I will probably build 2 new VMs with e1000 nics tomorrow and gradually add features week by week to see if I can pin it on something in pfSense.

Other than a slight annoyance with this bug - https://redmine.pfsense.org/issues/5053 which I have overcome with a cron job that runs setup_gateways_monitor() every 15 mins, I have thoroughly enjoyed using pfSense for the last year and a bit and look forward to squashing this issue and being able to continue using it.

Thanks,
Andrew

firewalluser

You'll need to eliminate the HW at either end before you can look at the ISP infrastructure. Do you spot any patterns like excessive number of states in the state table, whats the ram usage like, is the swap being used and anything else thats seems unusual when you experience the slow down. Might even be worth checking the workload on each core to see if there is a problem with the FreeBSD OS scheduler, as its quite easy to make various programs run on a particular core which then slows that core up as it gets overloaded leading to slowdown of the rest of the cores on cpu.

If you cant find anything wrong with your hw, then looking at the internet infrastructure seems like the only option left, and yes ISP's can do bandwidth throttle-ling quite easily even if you have an unlimited data package at either end, its also why the market forces didnt win out in the rigged game as theres little technical difference between adsl and sdsl modems, other than upload speed.

I believe its harder to bruteforce crack large amounts of ssl data compared to short bursts, but with the fact the ISP/Govt will have a complete oversight of the entire communication from TLS handshake to goodbye, getting your certs should make it easier to bruteforce crack the transmission to then see what you were transmitting which is why having so much functionality on your firewall increases the risk.

One way to eliminate the FW hardware being at fault is to shift the openvpn functionality onto separate machines at either end and then just use pfsense to do the routing and fw. Theres also nothing stopping you using pfsense again to manage openvpn on your seperate vpn boxes.
Where you create and manage the certs for your vpn is up to you, personally I am of the view to isolate various functionality onto individual machines as a zero day could give complete access to a machine and with so many eggs in one basket, makes it easy picking for hackers.

When looking for HW changes, also keep an eye on other devices in your network, just this morning I caught my TalkTalk isp supplied set top tv box exploring the network looking for other network service facilities as it couldnt get online, despite all its network settings being correct.

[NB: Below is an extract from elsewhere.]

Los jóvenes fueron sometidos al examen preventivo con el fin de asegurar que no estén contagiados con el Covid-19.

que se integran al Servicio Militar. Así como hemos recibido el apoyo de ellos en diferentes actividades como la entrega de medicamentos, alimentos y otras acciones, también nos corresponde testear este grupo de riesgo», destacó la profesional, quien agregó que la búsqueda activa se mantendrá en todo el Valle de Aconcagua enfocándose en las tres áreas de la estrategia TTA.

Its interesting to watch how devices react when different aspects of net functionality become no longer available. I'd like to suggest its harmless but as most of it is encrypted or uses an algorithm which makes it hard to decipher the meaning of the plaintext context, one cant help but be increasingly suspicious especially as its quickest to hack from a rogue device inside your network.